ClinVar Genomic variation as it relates to human health

Variant summary: HBB c.-122T>A (aka. -72T>A) affects a non-conserved nucleotide that is located in the untranscribed region upstream of the HBB gene region, affecting the conserved CCAAT box sequence. The variant allele was found at a frequency of 6.6e-06 in 150926 control chromosomes (gnomAD v3.1 genomes dataset). The available data on variant occurrences in the general population are insufficient to allow any conclusion about variant significance. c.-122T>A has been reported in the literature in heterozygous state in individuals who were asymptomatic or had mild anemia, with laboratory values either normal or suggestive of beta-thalassemia carrier trait (e.g. Pirastru_2017, Xinh_2022). These reports do not provide unequivocal conclusions about association of the variant with Hemoglobinopathy. Publications also reported experimental evidence evaluating the variants impact on promotor function, and demonstrated decreased promoter activities, with activity values similar to other pathogenic variants (e.g. Pirastru_2017, Kircher_2019). The following publications have been ascertained in the context of this evaluation (PMID: 31395865, 28503568, 35023007). One submitter has cited clinical-significance assessments for this variant to ClinVar after 2014 and has classified the variant as pathogenic. In conclusion, further cases should be evaluated where this variant is found in homozygosity or compound heterozygous state with beta-thalassemia mutations, in order to determine the clinical significance of this variant. Based on the evidence outlined above, the variant was classified as uncertain significance.

In the published literature, the variant has been reported in a Vietnamese family with multiple members showing slightly elevated A2 and indices suggestive of Beta Thalassemia Minor (PMID: 28503568 (2017)). Functional studies report the variant is damaging to protein structure and/or function (PMIDs: 28503568 (2017) and 31395865 (2019)). Based on the available information, this variant is classified as likely pathogenic.

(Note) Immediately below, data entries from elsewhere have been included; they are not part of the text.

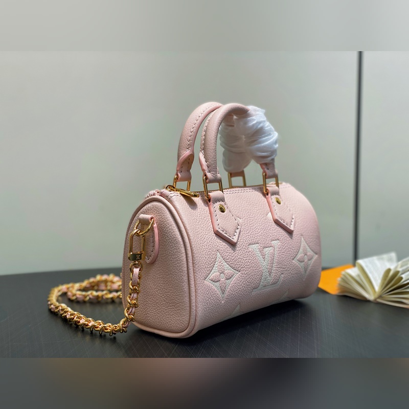 M824550 밀크셰이크 파우더 M14226 풀 가죽 스피디 베개 백 본 나노 스피디 핸드백은 브랜드의 클래식 모노그램 엠프린트 가죽으로 모던하고 컴팩트한 실루엣을 연출하며 부드러운 색조가 눈부신 메탈 디테일을 돋보이게 합니다. 탈부착 가능한 스트랩 체인이 다양한 착용 옵션을 제공합니다. 낮과 밤의 모든 상황에서 일상 필수품을 체계적으로 수납할 수 있습니다. 10 x 7.5 x 16 cm (높이 x 너비 x 길이)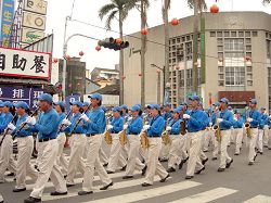 ![]() 天国乐团在踩街游行进行中画一整齐的步伐展现大法弟子的不凡风貌 |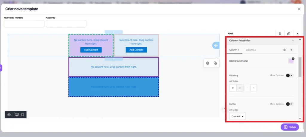 2. To configure the columns after adding them, go to the right side tab and select Columns. In this section, you can adjust the column split as you wish, customizing your template's layout.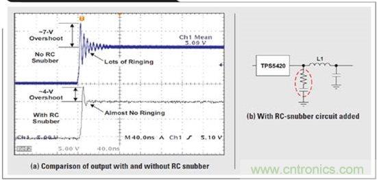 RC 緩沖器 降壓穩(wěn)壓器輸出能夠以相當(dāng)高的開(kāi)關(guān)速度對(duì)非常大的電壓實(shí)施開(kāi)關(guān)操作。本文 中,將 TPS5420 的輸入電壓軌設(shè)定為 10V,我們可以在輸出端觀(guān)測(cè)到許多過(guò)沖 和振鈴,如圖 7a 所示。為了吸收一些電源電路電抗能量,我們將 RC 緩沖電 路添加到了 TPS5420 的輸出(請(qǐng)參見(jiàn)圖 7b)。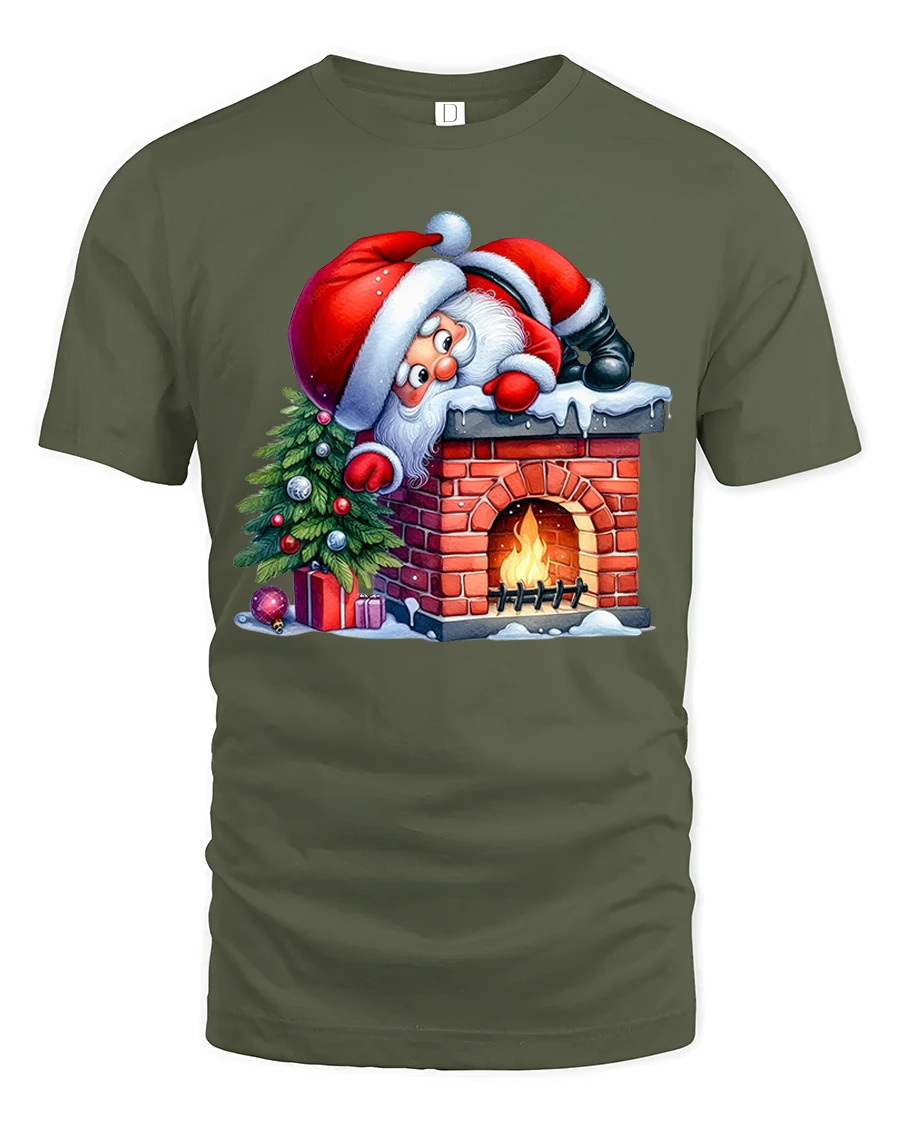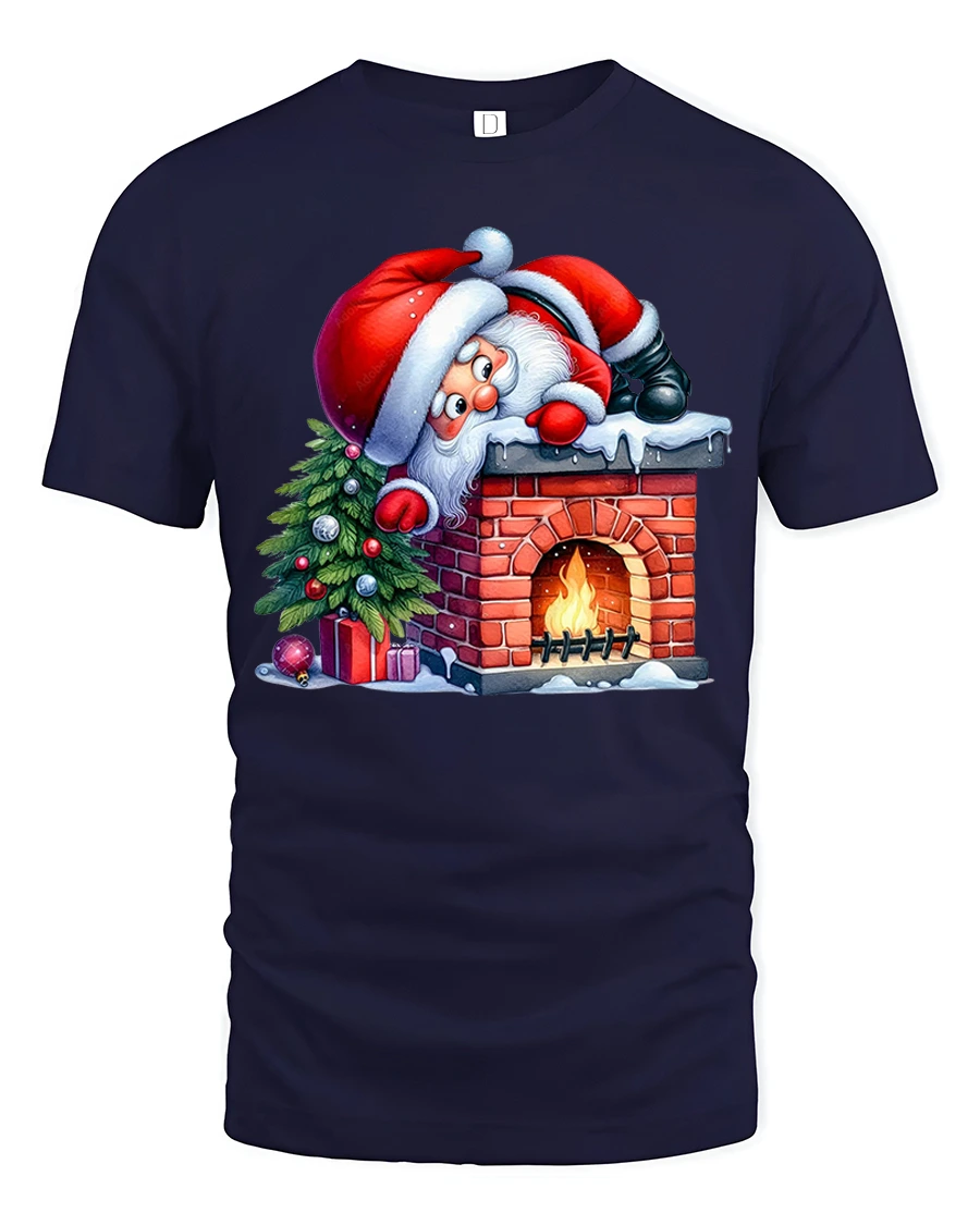 Funny Santa Stuck on Chimney Christmas Tee is the perfect holiday shirt for anyone who loves humor, charm, and festive spirit. Featuring a playful illustration of Santa lying across a snowy chimney with a glowing fireplace below, this tee captures the joy and silliness of Christmas in a fun and adorable way. The vibrant colors, cozy winter details, and cheerful expression make it a standout piece for holiday gatherings.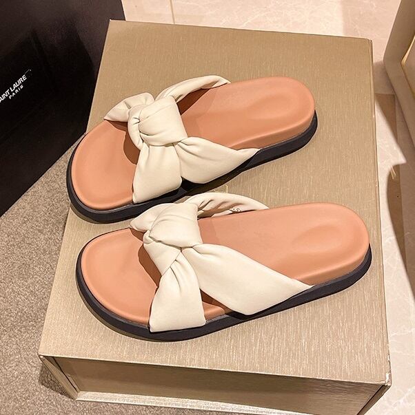 存在感バツグンなリボン結びの厚底サンダル。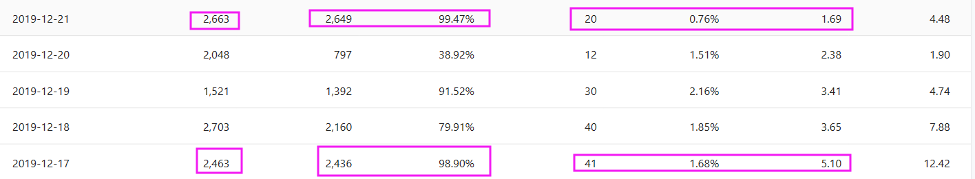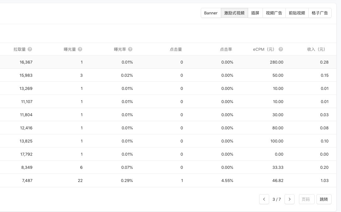 我的小程序开通流量主后,从开始的ecpm 5.1 一直下降到1.69 ,特别是拉取、曝光、点击差不多的情况下,具体看下图: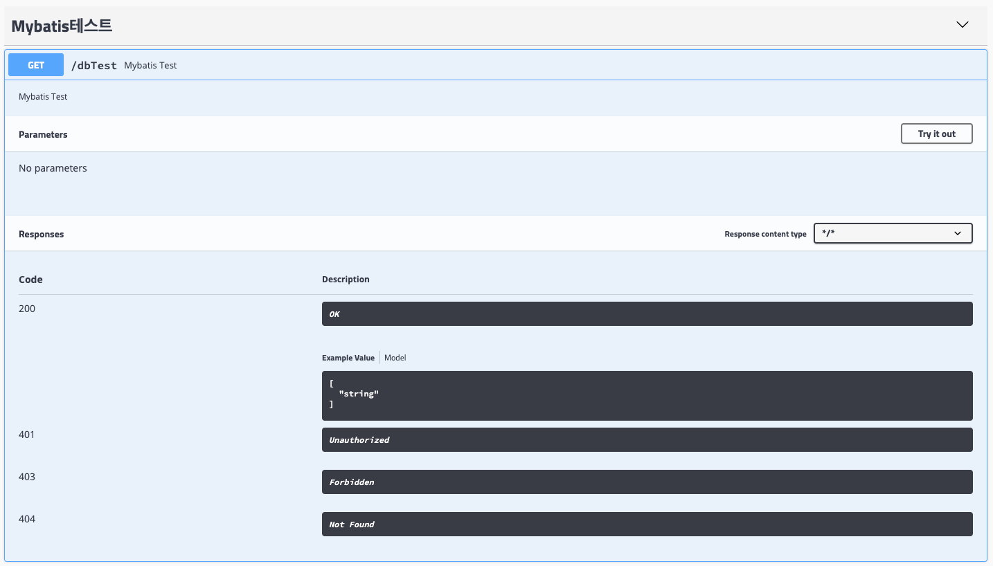 Try it out을 누르면 테스트 할 수 있는 페이지로 변경된다.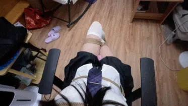 腿被绑成了二郎腿,记得之前也尝试过一模一样的绑法,不过和上次不同的是这次加了可恶的TD…因为二郎腿的姿势导致腿在上下被固定起来,所以TD的感觉比较难受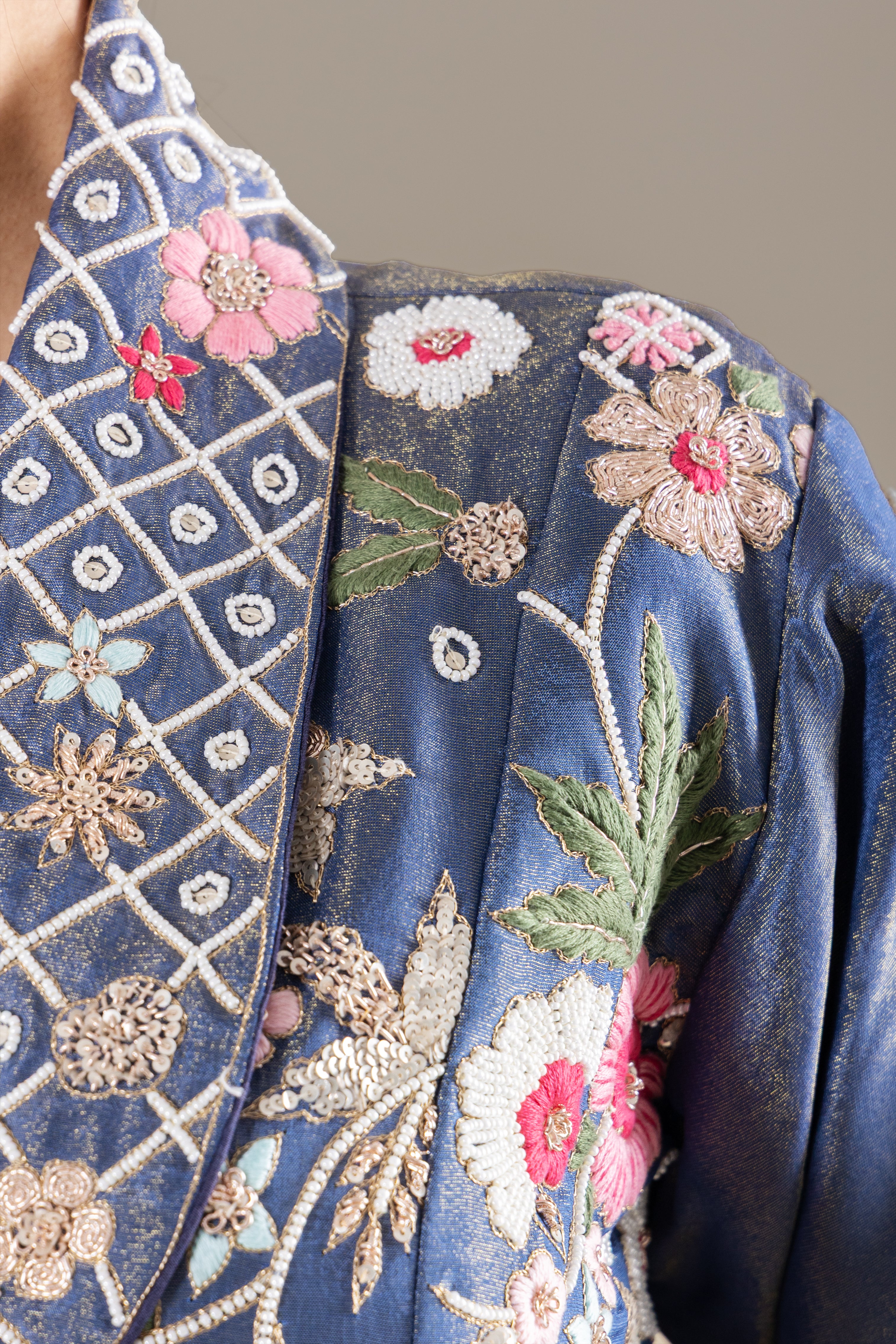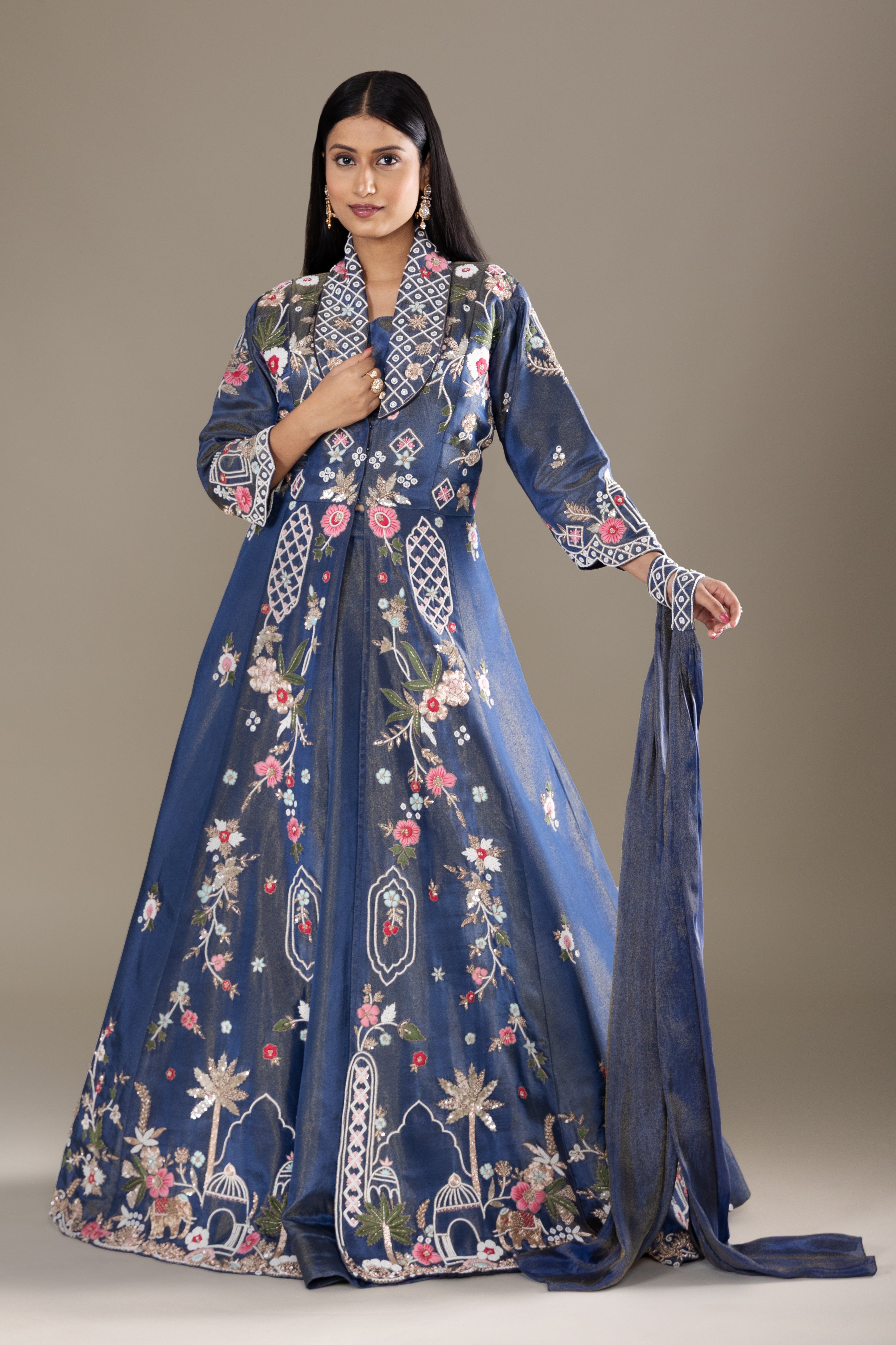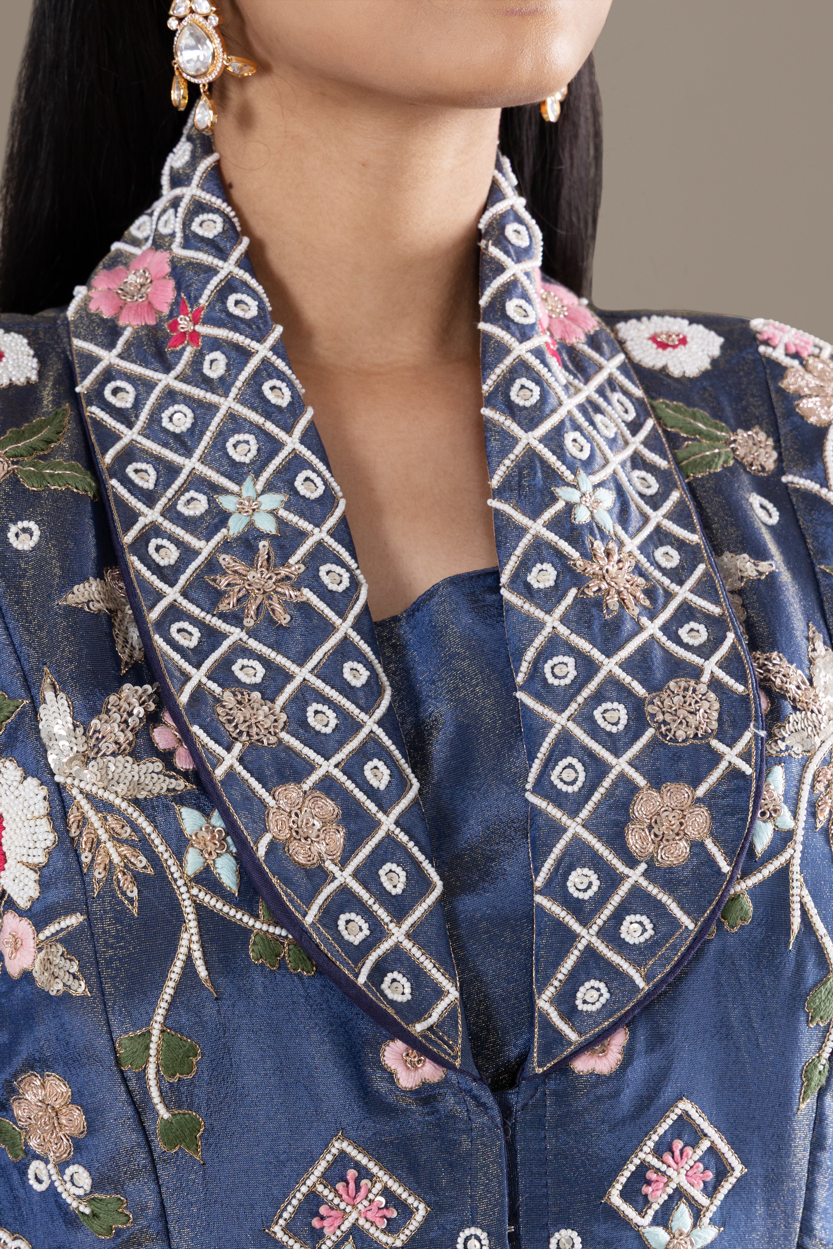 Celebrate regal charm in this midnight blue Jacket Lehenga featuring intricate multicolour floral embroidery, a tailored shawl collar, and a flowy ghagra, giving a majestic silhouette.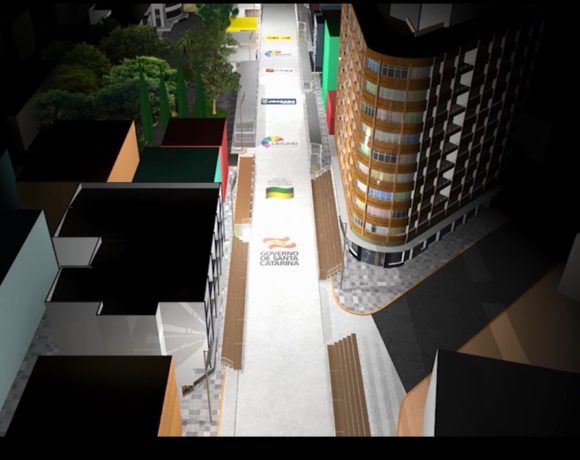 Uma computação gráfica mostra como vai ficar a avenida XV de Novembro para os desfiles das Escolas de Samba. Uma mega-estrutura será montada com camarotes e arquibancadas para acomodar o público. Fonte: Produtora Real Time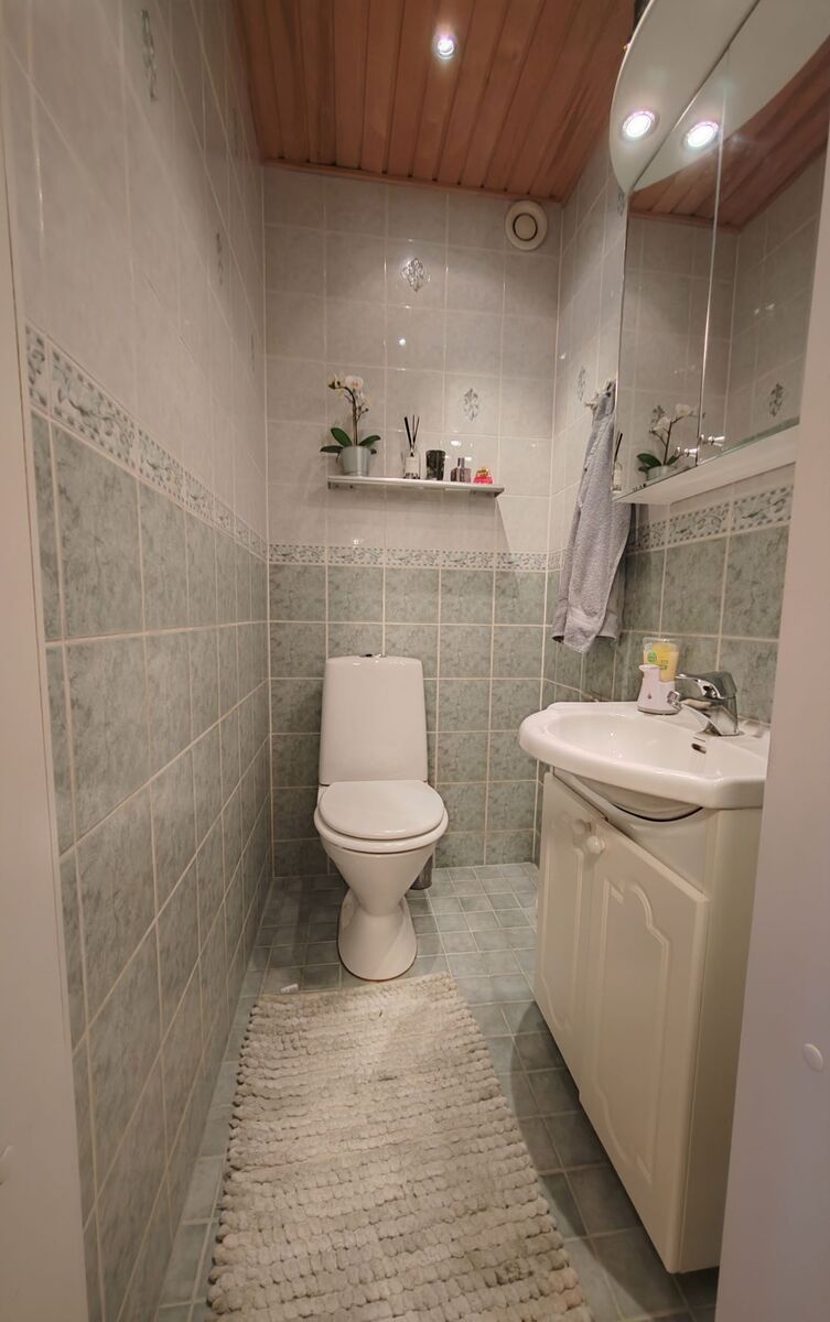 WC-istuin, kylpyamme, peili ja suihku, seinät (kaakeli), lattiat (muovimatto) |

The HBB c.-122T>A variant (rs1272414751, HbVar ID: 3029), also known as -72 (T>A), is reported in the literature in individuals affected with beta thalassemia or in heterozygous carriers (Kircher 2019, Pirastru 2017, Xinh 2022, HbVar database), although it is not fully evident whether this variant can cause beta-thalassemia in homozygous or compound heterozygous fashion on the basis of existing literature. This variant is also reported in ClinVar (Variation ID: 869326) and is absent from the Genome Aggregation Database, indicating it is not a common polymorphism. This variant is located in the conserved CCAAT box of the beta-globin gene promoter (Pirastru 2017), and functional analyses by luciferase reporter assay suggest a reduction in beta globin transcription, with a decrease ranging from approximately 18% (Kircher 2019) to 47% (Pirastru 2017). Based on available information, this variant is considered to be likely pathogenic. References: Kircher M et al. Saturation mutagenesis of twenty disease-associated regulatory elements at single base-pair resolution. Nat Commun. 2019 Aug 8;10(1):3583. PMID: 31395865. Pirastru M et al. A Novel -72 (T?A) ß-Promoter Mutation Causing Slightly Elevated HbA2 in a Vietnamese Heterozygote. Biomed Res Int. 2017;2017:4537409. PMID: 28503568. Xinh PT et al. Spectrum of HBB gene mutations among 696 ß-thalassemia patients and carriers in Southern Vietnam. Mol Biol Rep. 2022 Apr;49(4):2601-2606. PMID: 35023007.